EXERCISE DETAILS:
Would you transcribe the lines running from the one that holds "Eileen Fisher Black" to the last line of the records? Leave every picture out.

EXTRACTED RECORDS:
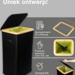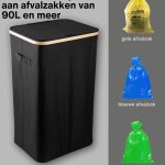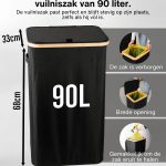 Dit model heeft versterkte naden, duurzame materialen en een esthetisch verfijnde zwarte kleur die naadloos in elke ruimte past – of het nu een modern kantoor of een minimalistische keuken is. Het compacte maar ruime ontwerp maakt efficiënt recyclen mogelijk zonder al te veel ruimte in beslag te nemen. Bovendien heeft de afvalemmer een bamboe frame met een ijzeren ring waaraan de afvalzak is bevestigd, waardoor deze eenvoudig te verwisselen en te gebruiken is. De afvalemmer is ontworpen voor afvalzakken van 90 liter, maar je kunt gemakkelijk grotere afvalzakken gebruiken.
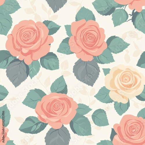 Seamless Floral Pattern Featuring Soft Peach and Yellow Roses with Green Leaves on Light Background
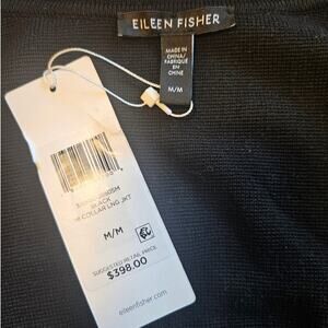 Eileen Fisher Black Hi Collar Silk Blend Long Jacket Medium Open Front $398
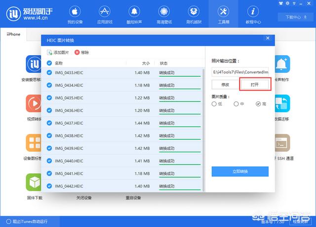 3、转换成功后。点击“打开”可查看转换成功的照片。
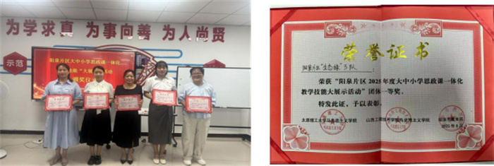 喜報:我院思政課教師在陽泉片區(qū)大中小學(xué)思政課一體化教學(xué)技能“大展示”活動中喜獲佳績
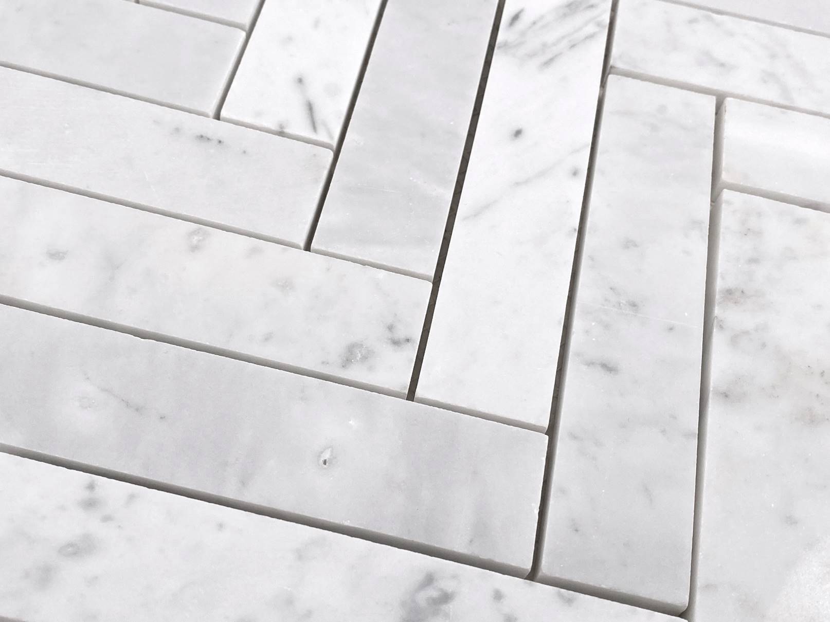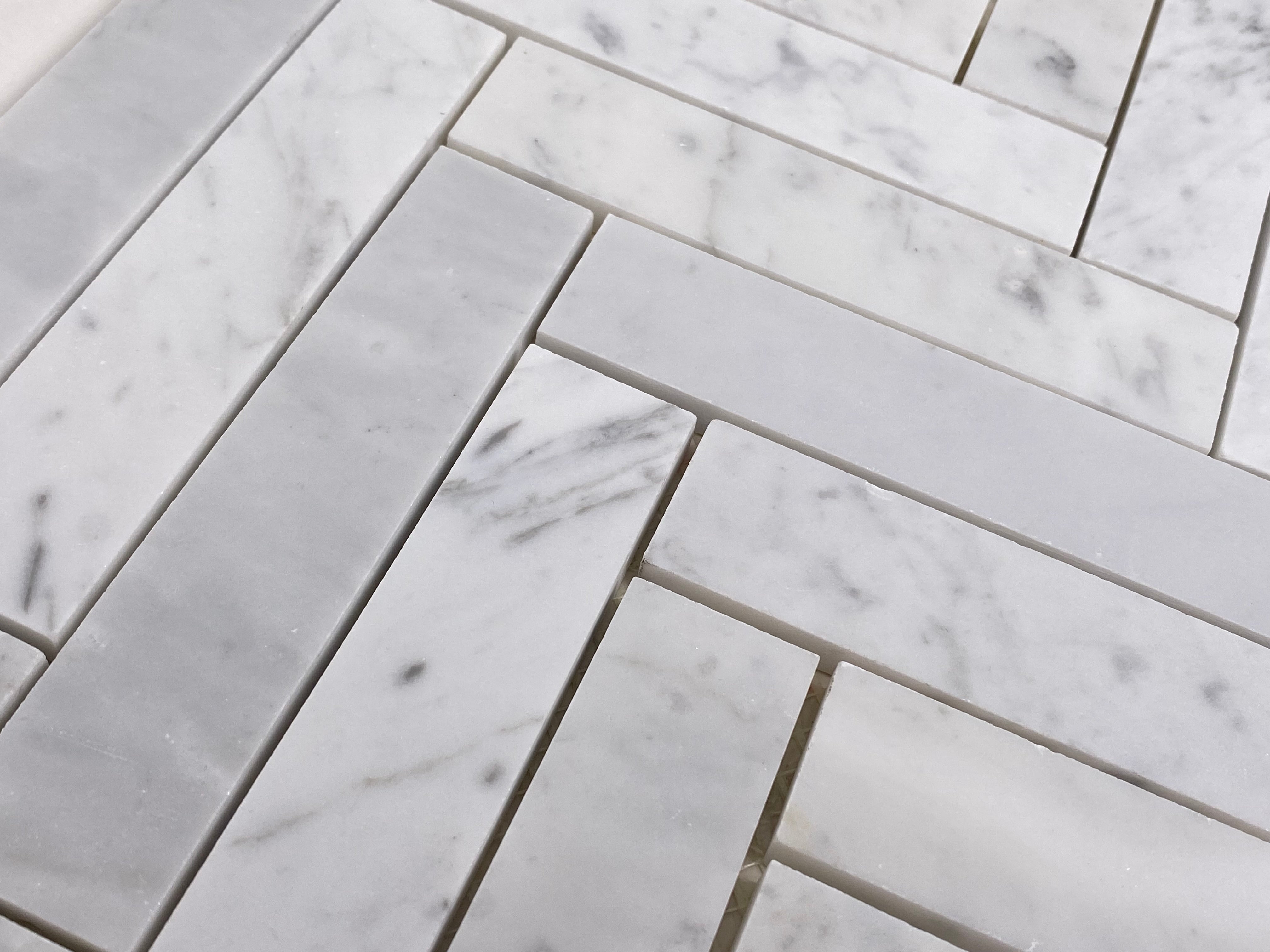Carrara Marble 1x6 Long Herringbone Mosaic Tile Polished for Kitchen Backsplash Wall Bathroom Flooring Shower
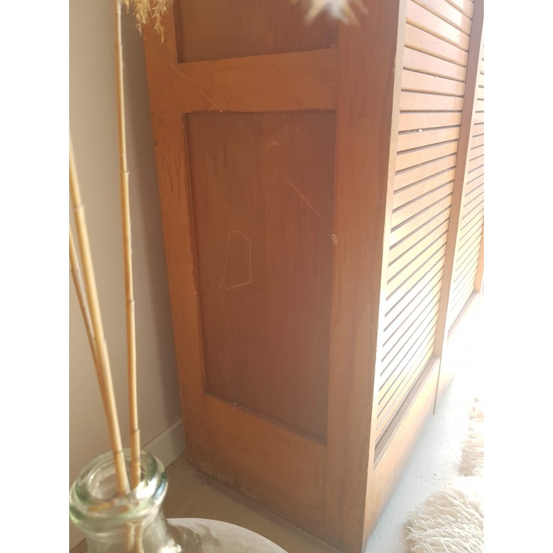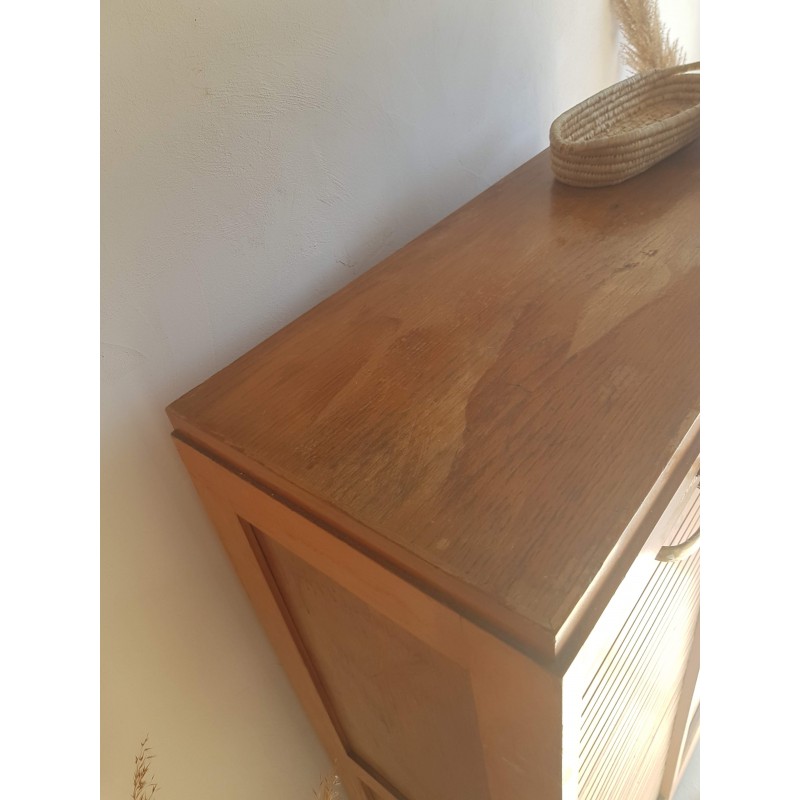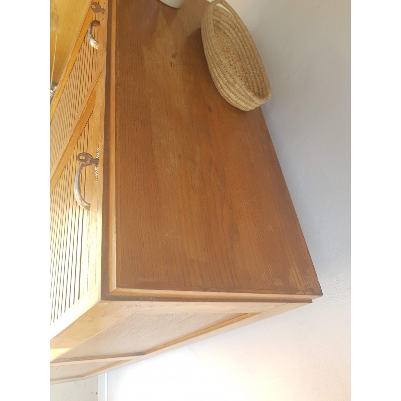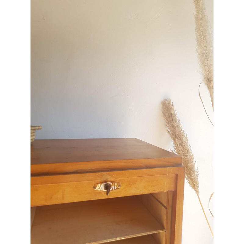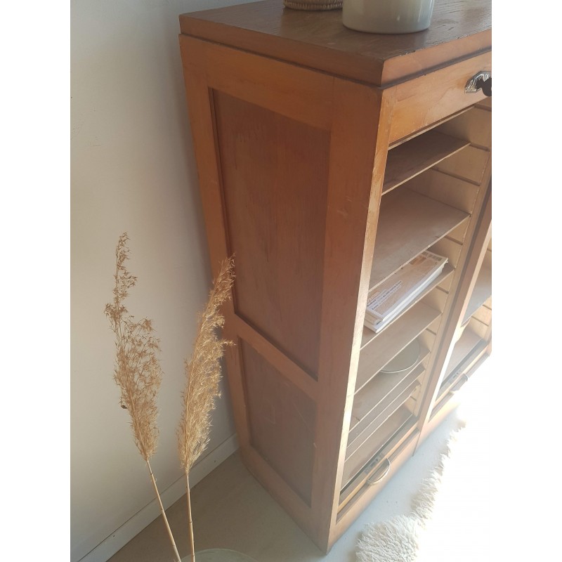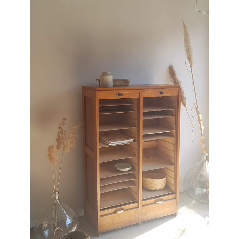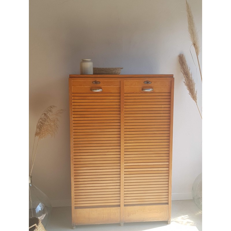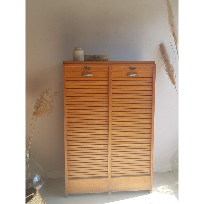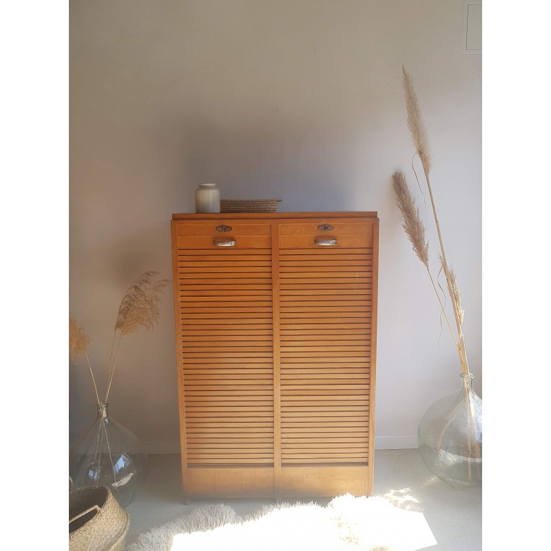 Superbe meuble de métier, circa années 50. Double classeurs à rideau ancien avec son estampille Radia au dessus de chaque poignée. Des imperfections visibles sur les photos. Stable. Les deux classeurs se déroulent sans difficulté.
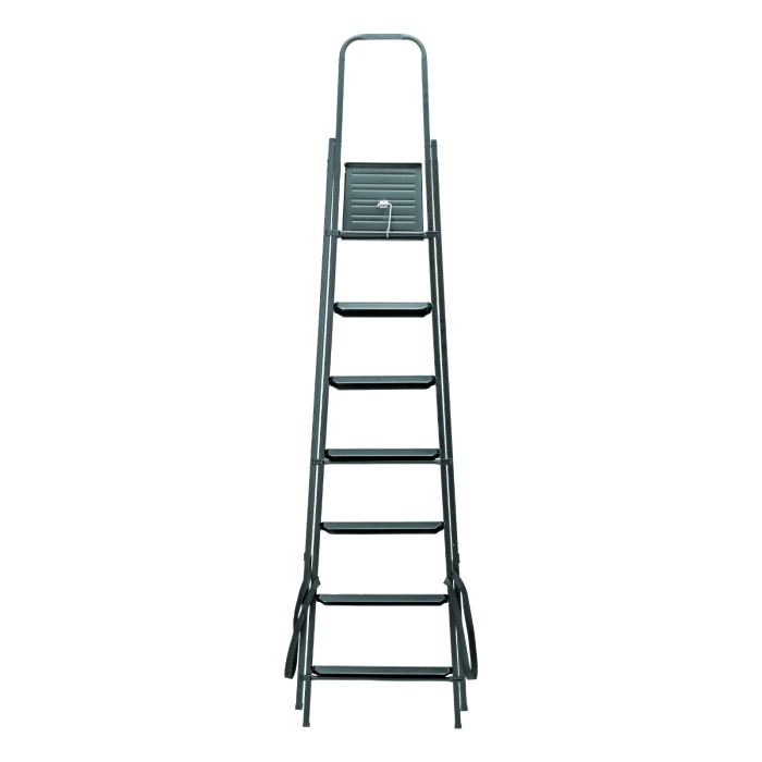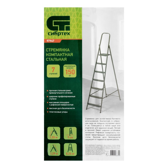 Стремянка компактная стальная Сибртех 97947 с 7 ступенями служит для проведения работ на высоте, превышающей человеческий рост. Стальные профилированные рама и ступени рассчитаны на нагрузку до 150 кг. Площадка находится на высоте 156 см от опорной поверхности, рабочая высота стремянки составляет 356 см (при среднем росте пользователя 170 см). Использовать стремянку можно дома, на даче или в гараже, а также во время строительства и ремонта.Поверхность для установки стремянки должна быть ровной, использование электроинструмента во время работы не допускается.ПреимуществаДолговечность — антрацитовое покрытие порошковой эмалью защищает стремянку от коррозии.Надежная фиксация в рабочем положении — на верхней площадке имеются специальные зацепы, опоры дополнительно удерживаются страховочными лентами.Безопасный подъем и спуск — рифленая поверхность ступеней обеспечивает хорошее сцепление с подошвами обуви.Отсутствие царапин на напольном покрытии — на ножках имеются пластиковые накладки.Комфортная работа — стремянка имеет широкие ступени и высокую дугу безопасности.Удобное хранение и транспортировка — стремянка весит 8,4 кг, ее размеры в сложенном состоянии составляют 2290 х 525 х 87 мм.
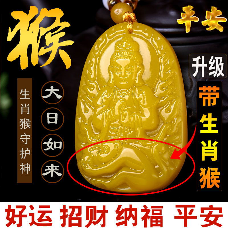 钛岁2025属猴吉祥佩戴物招财转运黄龙玉本命佛大日如来佛吊坠男女
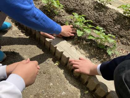 総合学習室で、しんたつ農園にジャガイモを植えています。
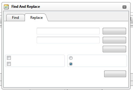 but I am having problem with "Find and Replace" icon, when I click this icon popup diaglo appare as attached image (No text).
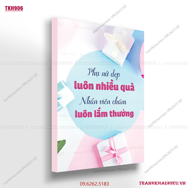 Tranh khẩu hiệu ”Phụ nữ đẹp luôn nhiều quà, nhân viên chăm luôn lắm thưởng” tạo động lực làm việc cực hiệu quả dành cho văn phòng bất động sản, sales, bán hàng, kinh doanh, trang trí văn phòng, truyền cảm hứng làm việc.

WRITTEN RESPONSE:
 Eileen Fisher Black Hi Collar Silk Blend Long Jacket Medium Open Front $398
 3、转换成功后。点击“打开”可查看转换成功的照片。
 喜報:我院思政課教師在陽泉片區(qū)大中小學(xué)思政課一體化教學(xué)技能“大展示”活動中喜獲佳績
Carrara Marble 1x6 Long Herringbone Mosaic Tile Polished for Kitchen Backsplash Wall Bathroom Flooring Shower
 Superbe meuble de métier, circa années 50. Double classeurs à rideau ancien avec son estampille Radia au dessus de chaque poignée. Des imperfections visibles sur les photos. Stable. Les deux classeurs se déroulent sans difficulté.
 Стремянка компактная стальная Сибртех 97947 с 7 ступенями служит для проведения работ на высоте, превышающей человеческий рост. Стальные профилированные рама и ступени рассчитаны на нагрузку до 150 кг. Площадка находится на высоте 156 см от опорной поверхности, рабочая высота стремянки составляет 356 см (при среднем росте пользователя 170 см). Использовать стремянку можно дома, на даче или в гараже, а также во время строительства и ремонта.Поверхность для установки стремянки должна быть ровной, использование электроинструмента во время работы не допускается.ПреимуществаДолговечность — антрацитовое покрытие порошковой эмалью защищает стремянку от коррозии.Надежная фиксация в рабочем положении — на верхней площадке имеются специальные зацепы, опоры дополнительно удерживаются страховочными лентами.Безопасный подъем и спуск — рифленая поверхность ступеней обеспечивает хорошее сцепление с подошвами обуви.Отсутствие царапин на напольном покрытии — на ножках имеются пластиковые накладки.Комфортная работа — стремянка имеет широкие ступени и высокую дугу безопасности.Удобное хранение и транспортировка — стремянка весит 8,4 кг, ее размеры в сложенном состоянии составляют 2290 х 525 х 87 мм.
 钛岁2025属猴吉祥佩戴物招财转运黄龙玉本命佛大日如来佛吊坠男女
 総合学習室で、しんたつ農園にジャガイモを植えています。
 but I am having problem with "Find and Replace" icon, when I click this icon popup diaglo appare as attached image (No text).
 Tranh khẩu hiệu ”Phụ nữ đẹp luôn nhiều quà, nhân viên chăm luôn lắm thưởng” tạo động lực làm việc cực hiệu quả dành cho văn phòng bất động sản, sales, bán hàng, kinh doanh, trang trí văn phòng, truyền cảm hứng làm việc.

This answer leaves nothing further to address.